→ **TASK INPUT**:

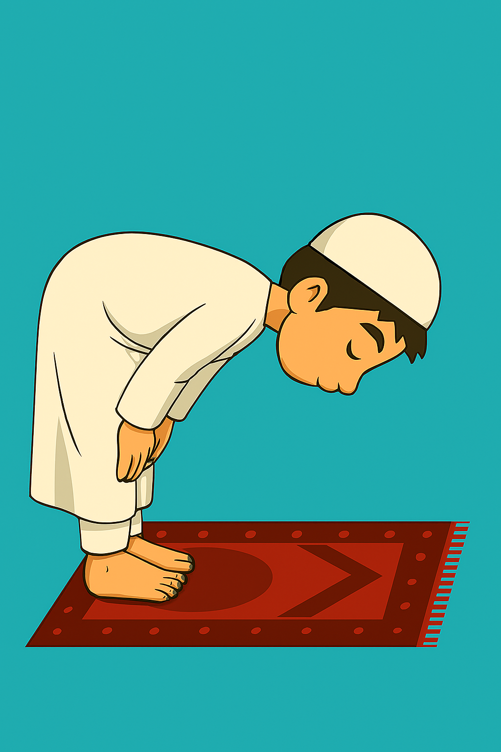 Une fois incliné Il faut que la tête soit dans le prolongement du dos, les mains sur les genoux, les doigts écartés en disant : « Gloire et pureté à mon Seigneur le Très Grand » –Soubhana Rabbi al-Adhim – سُبْحَانَ رَبِّيَ الْعَظِيمِ –
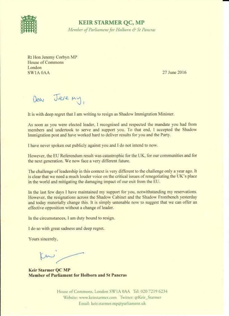 It is demonstrably false to assert that Starmer lacks political judgement. As a new MP, he identified that the next Labour leader would have to come from within Jeremy Corbyn’s shadow cabinet. And so — even though Starmer did resign as a shadow minister as part of the mass resignations following the EU referendum — it was one of those ‘in sorrow rather than anger’ letters.
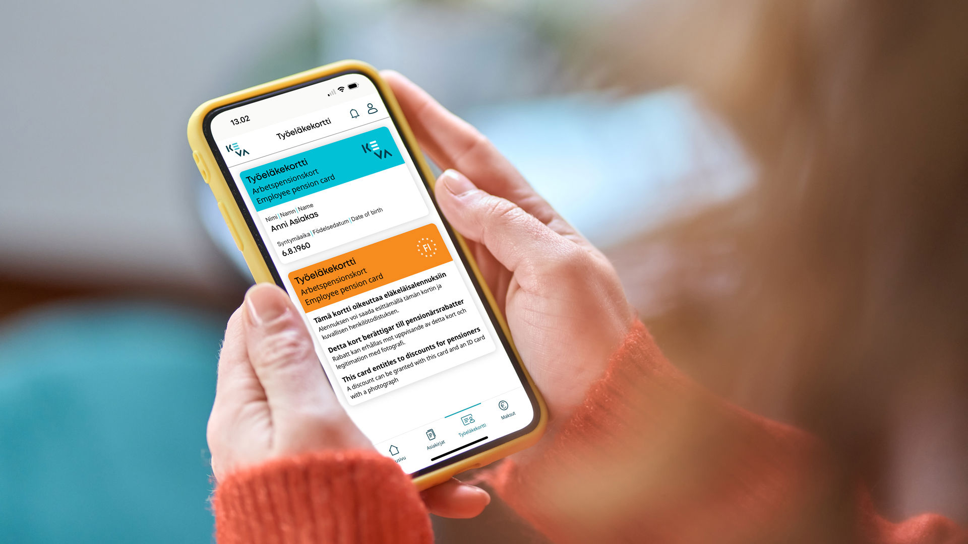 Vuoden 2026 alusta alkaen Kevan asiakkaat saavat työeläkekortin ensisijaisesti sähköisenä. Lataa puhelimeesi tai tabletillesi sitä varten Eläke ja kuntoutus -sovellus.
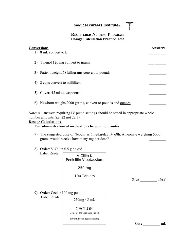 Sample problems for basic dosage calculation 1. Printable nurse nursing dosage calculation practice worksheets: Practice problems # 7 change each percent to a decimal. Here are free worksheets to help you practice dosage calculation nursing problems. A pdf document with practice problems for math validation in nursing, including conversions,. Your patient with diabetes receives glipizide. How many days would the kwikpen. A client is to receive 50 units of insulin every morning. The answers are on page 35 of the. The australian injectables drug handbook states that each gram of this medication is to be.
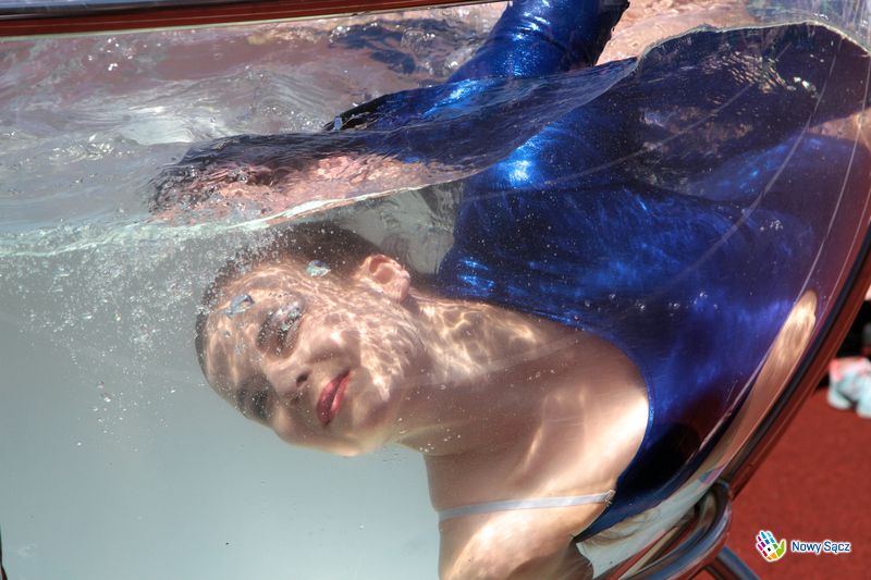 Jedną z niespodzianek na zakończenie II Festiwalu Biegowego Sądeckich Wodociągów "Woda Źródłem Sukcesu" był widowiskowy pokaz w kuli wodnej (tzw. waterbowl act) w wykonaniu wielokrotnej mistrzyni Polski w akrobatyce sportowej Anny Filipowskiej.

→ **AIM OF THE TASK**: The answer must be an exact copy of the lines from the start of the records above through the line containing "Vuoden 2026 alusta", with no pictures in it.

→ **ANSWER**:
 Une fois incliné Il faut que la tête soit dans le prolongement du dos, les mains sur les genoux, les doigts écartés en disant : « Gloire et pureté à mon Seigneur le Très Grand » –Soubhana Rabbi al-Adhim – سُبْحَانَ رَبِّيَ الْعَظِيمِ –
 It is demonstrably false to assert that Starmer lacks political judgement. As a new MP, he identified that the next Labour leader would have to come from within Jeremy Corbyn’s shadow cabinet. And so — even though Starmer did resign as a shadow minister as part of the mass resignations following the EU referendum — it was one of those ‘in sorrow rather than anger’ letters.
 Vuoden 2026 alusta alkaen Kevan asiakkaat saavat työeläkekortin ensisijaisesti sähköisenä. Lataa puhelimeesi tai tabletillesi sitä varten Eläke ja kuntoutus -sovellus.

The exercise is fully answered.